Figure 4. Verification of electrode via opening and sidewall encapsulation. (A) Scanning electron microscope (SEM) image of an electrode post-ALI/ALD via opening (B) SEM image of an ALI device’s outer sidewall from a 45-degree angle. The light-colored region on the bottom edge of the device was most likely due to charging resulting from directionality of AuPd sputtering prior to imaging. (C) SEM detail of an ALD device electrode (light gray), electrode via sidewall, and ALD-coated PI (darker gray), taken from a 45-degree angle (D) SEM of an ALD device’s outer sidewall from a 45-degree angle (E) EDS elemental map of the electrode depicted in A showing no titanium (light blue) present on electrode surface beyond a small edge ring, but presence elsewhere throughout (F) EDS map of ALI device sidewall shown in B, demonstrating retention of titania on device sidewall after encapsulation via opening (G) EDS map of area shown in C, showing that titania is present on the top surface but an unprotected sidewall has been created (dark area) during electrode via opening (H) EDS map of area shown in D, again showing an unprotected sidewall created by device outline etching. In G and H, unprotected (dark) areas are slightly larger than the sidewalls themselves due to over-etching during fabrication. For additional clarity, (I,J) indicate the field of view of panels A–H as they relate to device structure.

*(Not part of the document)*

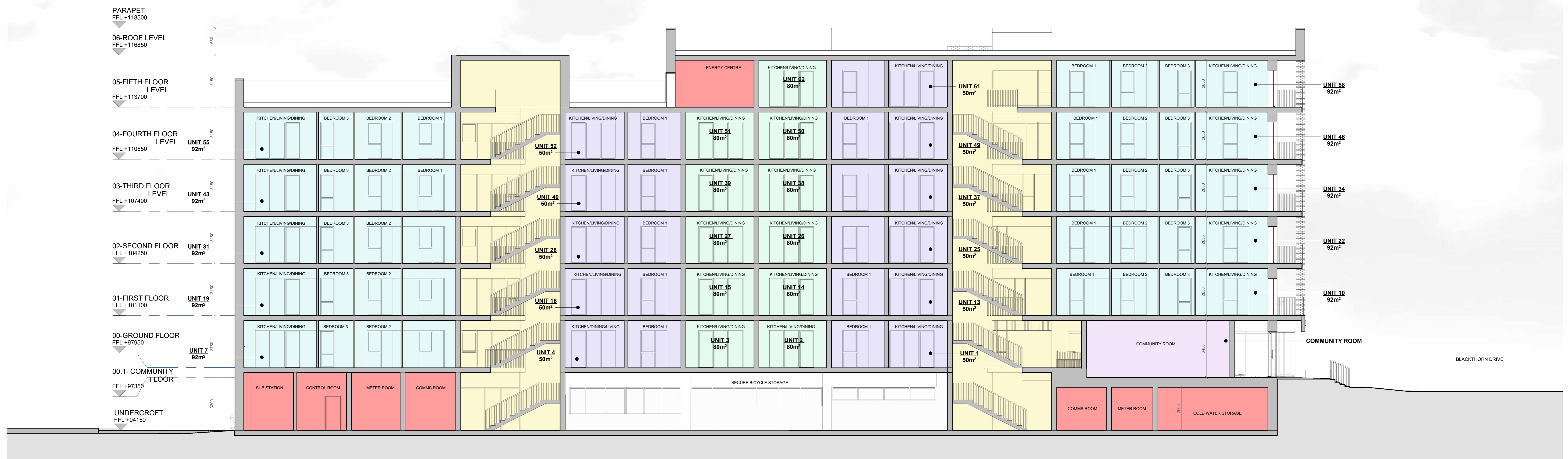
Section C-C SCALE: 1 : 100

NOTES: DO NOT SCALE FROM DRAWINGS. WORK TO FIGURED DIMENSIONS ONLY. ARCHITECT TO BE NOTIFIED OF ALL DISCREPANCIES.

3.3 ALD and ALI encapsulation film properties
Next, we characterized the properties of the deposited hybrid encapsulation. Per ellipsometry on reference Si wafer pieces included in the deposition, expected alumina/titania layer thicknesses were about 10.5/34.5 nm for ALD devices, and 16.3/34 nm for ALI. Layer thicknesses on the devices themselves may vary slightly based on the presence and extent of infiltration or the nucleation behavior of alumina on silicon vs. polyimide, though the difference is quite small on most polymers (Wilson et al., 2005). Figure 5A shows a SIMS depth profile of alumina content, specifically AlO−, for an infiltrated sample (red) and an ALD sample (black). AlO− signal is depicted by a line of the appropriate color, and the “alumina-containing region” (i.e., the region from alumina signal onset to offset) is shaded in the same color. When the surfaces of the alumina-containing regions are aligned, it can be seen that the alumina-containing region of the ALI sample (red) is wider than the alumina-containing region of the ALD sample (black). The, etch depth reported on the x-axis is an approximated value, as it could not be measured directly and is difficult to estimate for hybrid materials whose compositions (and therefore, etch rates) change with depth. Nonetheless, the SIMS depth profiles provided a preliminary indication that infiltration was achieved as desired. Further verification was attempted using transmission electron microscopy (TEM) of cross-sections with EDS; however, localized observations in the analyzed regions did not reveal the same extent of infiltration suggested by the SIMS results. This may reflect nonuniform infiltration depth across the sample surface, as supported by later findings. Alternatively, even limited infiltration of a few nm may have been sufficient to account for the observed material properties.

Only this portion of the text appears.